BEGIN DATA SHOWN

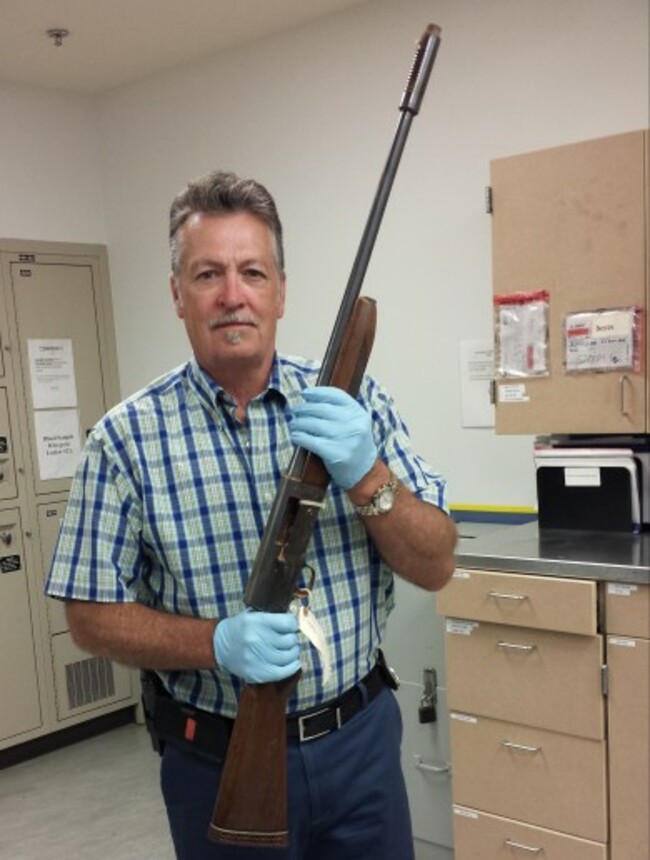 Detective Michael Ciesynski holds the shotgun which rock legend Kurt Cobain used to take his own life in 1994. AP
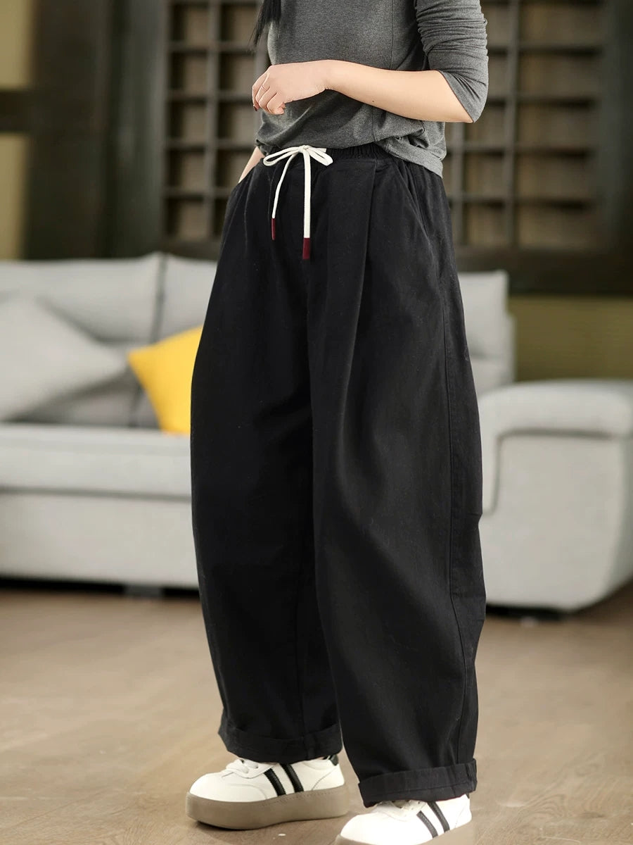 Women Spring Casual Pure Color 100%Cotton Harem Pants
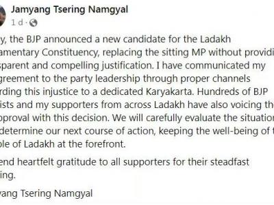 इसी तरह सोशल मीडिया पर पोस्ट करते हुए लिखा भाजपा ने लद्दाख लोकसभा सीट से नया उम्मीदवार घोषित किया और मौजूदा सांसद का टिकट काट दिया, लेकिन इस बीच नए उम्मीदवार को लेकर कोई भी पारदर्शिता नहीं दिखाई गई या ये निर्णय किसी भी तरह का न्याय नहीं है।
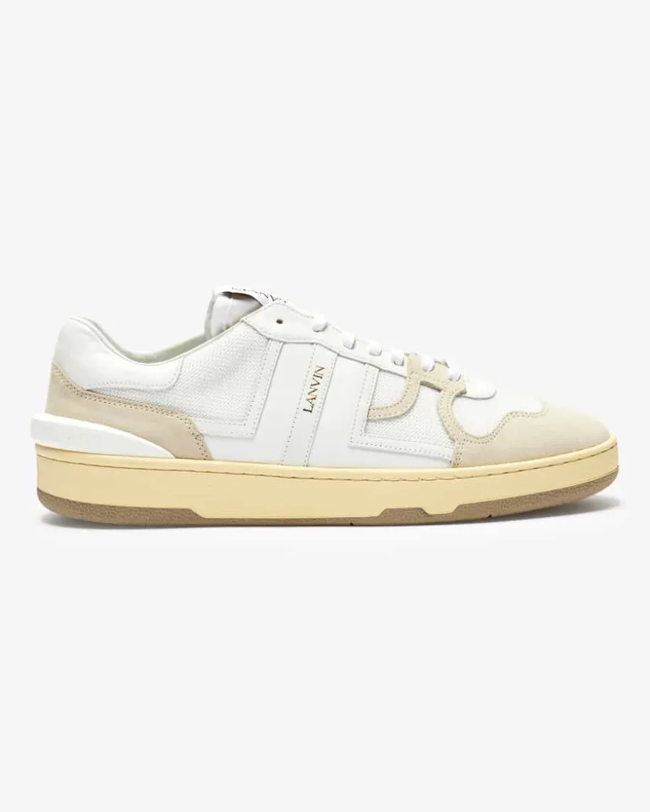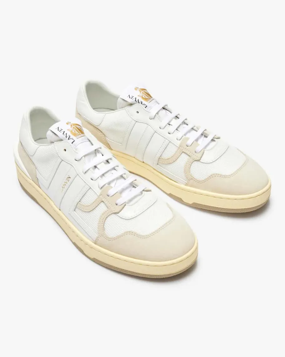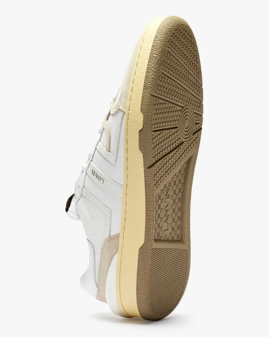 Nash Sneaker für Herren von Lanvin in Weiß und Beige. Dieses Modell präsentiertsich mit raffiniertem Material-Mix aus Glatt-, Veloursleder sowie Mesh undavanciert dank goldfarbenen Logo-Details zum sportiven Must-Have.
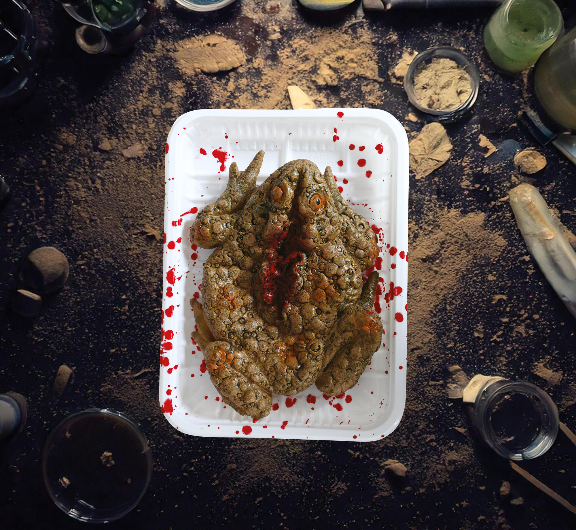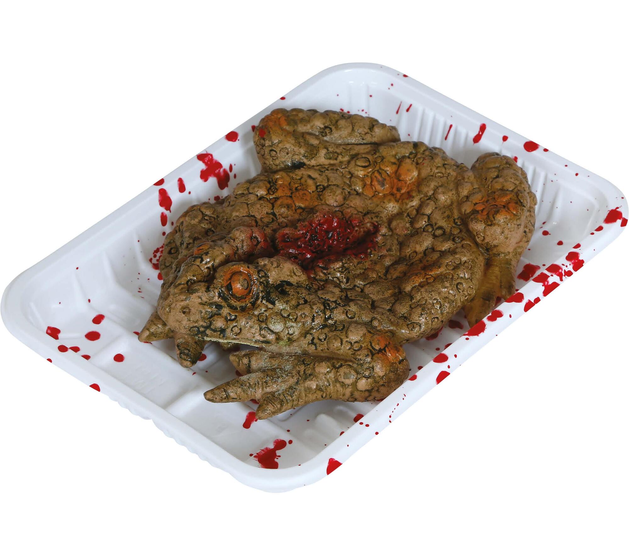 Tilføj et ulækkert twist til festen med denne Halloween-bakke med én stor, klam frø! Den grønne, slimet-agtige figur ligger præsenteret som var den serveret direkte fra en heksegryde eller et uhyggeligt laboratorium. Perfekt som dekoration på snackbordet, som rekvisit til heksekostumet – eller som en sjov chok-effekt til gæsterne. Fremstillet i let plast og gummiagtigt materiale, der føles realistisk og ser lige så ulækker ud som den er harmløs. Brug den alene, sammen med andre “kropsdele” eller som en del af et hjemmelavet haunted corner. En lille, men virkningsfuld Halloween-dekoration til dig, der elsker at lege med uhygge, overraskelser og lidt modbydelig humor.

END DATA SHOWN

> [THE TASK]:
All records above must be output exactly as they stand, excluding pictures.

> [TASK ANSWER]:
 Detective Michael Ciesynski holds the shotgun which rock legend Kurt Cobain used to take his own life in 1994. AP
 Women Spring Casual Pure Color 100%Cotton Harem Pants
 इसी तरह सोशल मीडिया पर पोस्ट करते हुए लिखा भाजपा ने लद्दाख लोकसभा सीट से नया उम्मीदवार घोषित किया और मौजूदा सांसद का टिकट काट दिया, लेकिन इस बीच नए उम्मीदवार को लेकर कोई भी पारदर्शिता नहीं दिखाई गई या ये निर्णय किसी भी तरह का न्याय नहीं है।
 Nash Sneaker für Herren von Lanvin in Weiß und Beige. Dieses Modell präsentiertsich mit raffiniertem Material-Mix aus Glatt-, Veloursleder sowie Mesh undavanciert dank goldfarbenen Logo-Details zum sportiven Must-Have.
 Tilføj et ulækkert twist til festen med denne Halloween-bakke med én stor, klam frø! Den grønne, slimet-agtige figur ligger præsenteret som var den serveret direkte fra en heksegryde eller et uhyggeligt laboratorium. Perfekt som dekoration på snackbordet, som rekvisit til heksekostumet – eller som en sjov chok-effekt til gæsterne. Fremstillet i let plast og gummiagtigt materiale, der føles realistisk og ser lige så ulækker ud som den er harmløs. Brug den alene, sammen med andre “kropsdele” eller som en del af et hjemmelavet haunted corner. En lille, men virkningsfuld Halloween-dekoration til dig, der elsker at lege med uhygge, overraskelser og lidt modbydelig humor.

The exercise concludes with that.